Green (Sam Graham-Felson)

Green:  A Novel
Sam Graham-Felson, 2018
Random House
320 pp.
ISBN-13:
9780399591143


Summary
A coming-of-age novel about race, privilege, and the struggle to rise in America, written by a former Obama campaign staffer and propelled by an exuberant, unforgettable narrator.
 
Boston, 1992.
David Greenfeld is one of the few white kids at the Martin Luther King, Jr., Middle School. Everybody clowns him, girls ignore him, and his hippie parents won’t even buy him a pair of Nikes, let alone transfer him to a private school.

Unless he tests into the city’s best public high school—which, if practice tests are any indication, isn’t likely—he’ll be friendless for the foreseeable future.

Nobody’s more surprised than Dave when Marlon Wellings sticks up for him in the school cafeteria.

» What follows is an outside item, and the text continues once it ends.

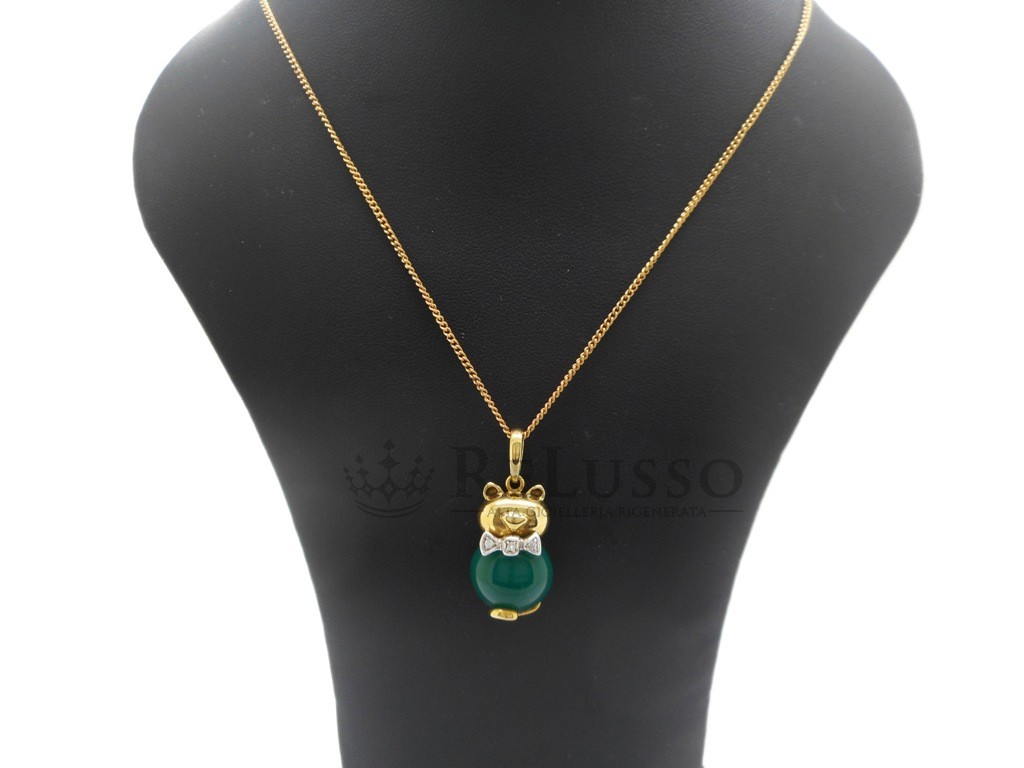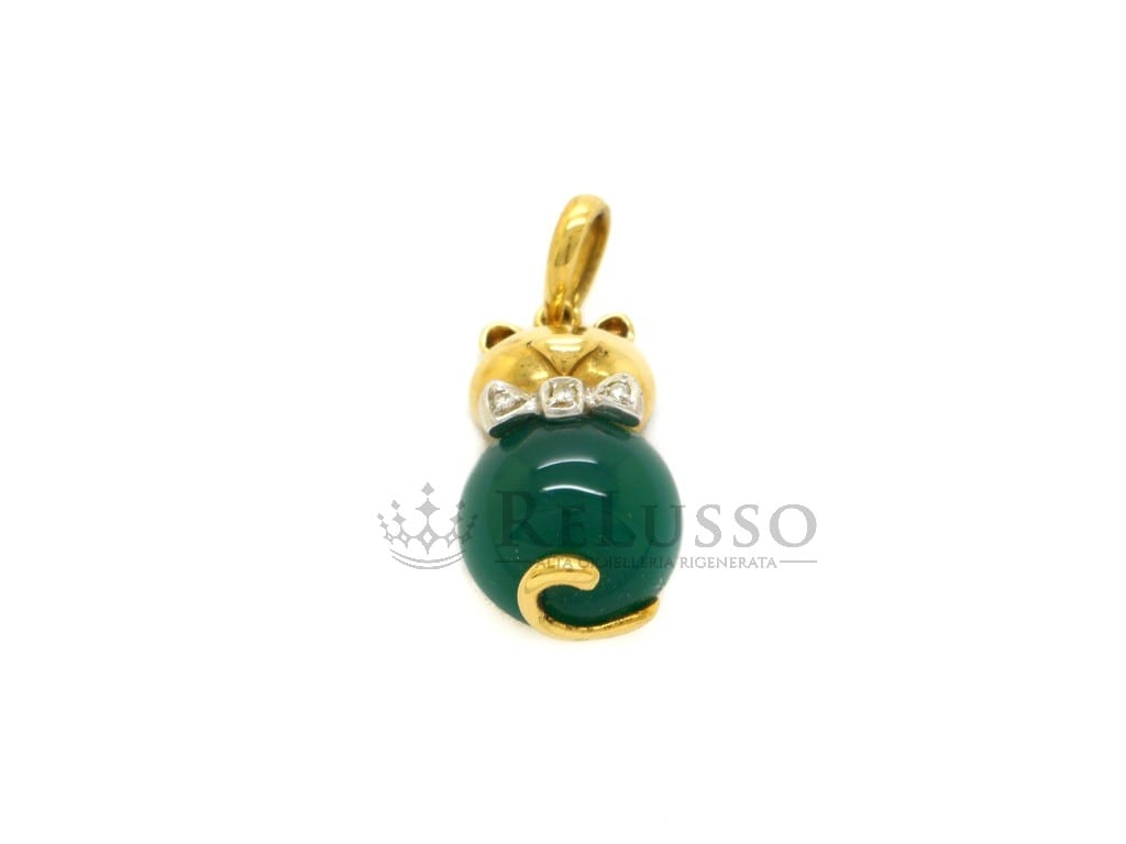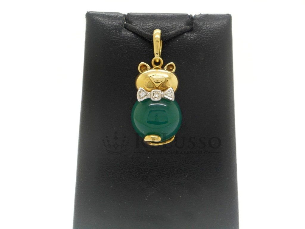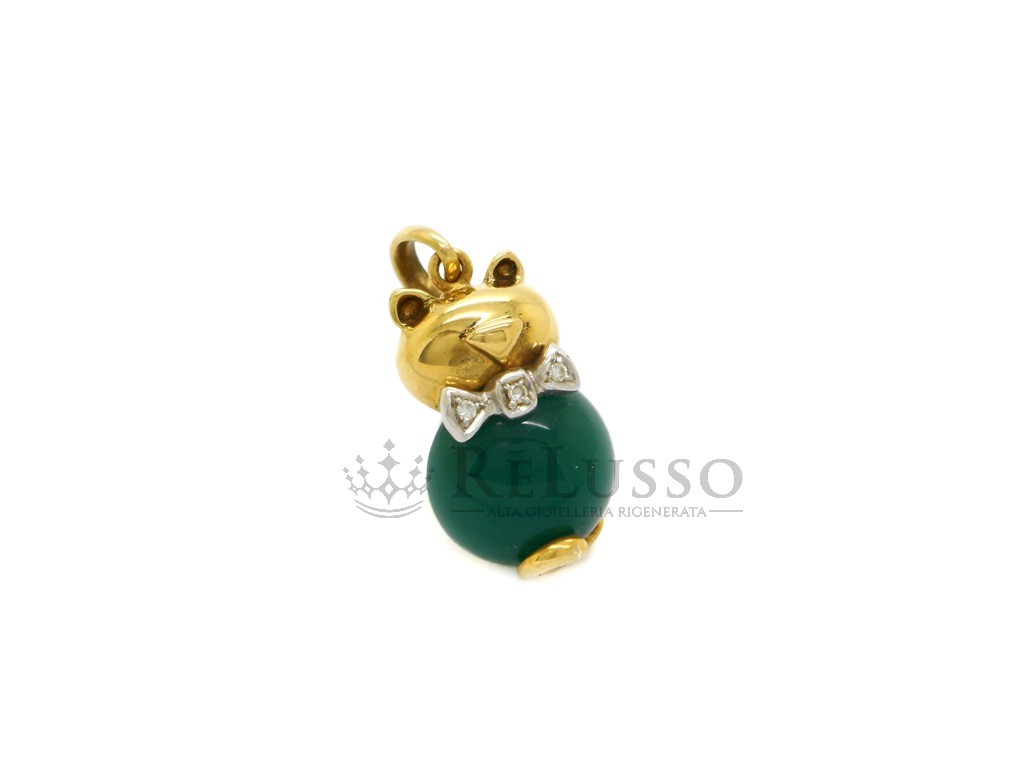 Vintage-Anhänger, signiert von Damiani, mit Katzenmotiv, in 18 Karat Gelbgold, grünem Achat und 3 Diamanten (insgesamt 0,03 Karat). Die Halskette ist separat erhältlich.
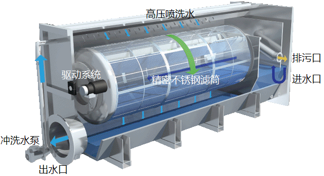 過濾器由設(shè)備結(jié)構(gòu)模塊、過濾模塊、驅(qū)動(dòng)系統(tǒng)、反沖洗系統(tǒng)、自控系統(tǒng)組成。污水流入不銹鋼濾筒內(nèi)部,由于重力的作用由濾網(wǎng)內(nèi)側(cè)向外側(cè)流出,水中的懸浮物被截留在不銹鋼濾筒內(nèi)側(cè)。驅(qū)動(dòng)系統(tǒng)帶動(dòng)濾筒緩慢轉(zhuǎn)動(dòng),反沖洗泵抽取濾后出水對(duì)濾網(wǎng)進(jìn)行反沖洗。沖洗水通過位于濾筒頂部的噴頭由濾網(wǎng)外側(cè)向內(nèi)側(cè)對(duì)濾網(wǎng)進(jìn)行強(qiáng)力沖洗,沖洗下來的顆粒物質(zhì)由反沖洗水收集槽收集,并通過排污管排出設(shè)備。

Mar’s a loner from the public housing project on the corner of Dave’s own gentrifying block, and he confounds Dave’s assumptions about black culture: He’s nerdy and neurotic, a Celtics obsessive whose favorite player is the gawky, white Larry Bird.

Before long, Mar’s coming over to Dave’s house every afternoon to watch vintage basketball tapes and plot their hustle to Harvard. But as Dave welcomes his new best friend into his world, he realizes how little he knows about Mar’s. Cracks gradually form in their relationship, and Dave starts to become aware of the breaks he’s been given—and that Mar has not.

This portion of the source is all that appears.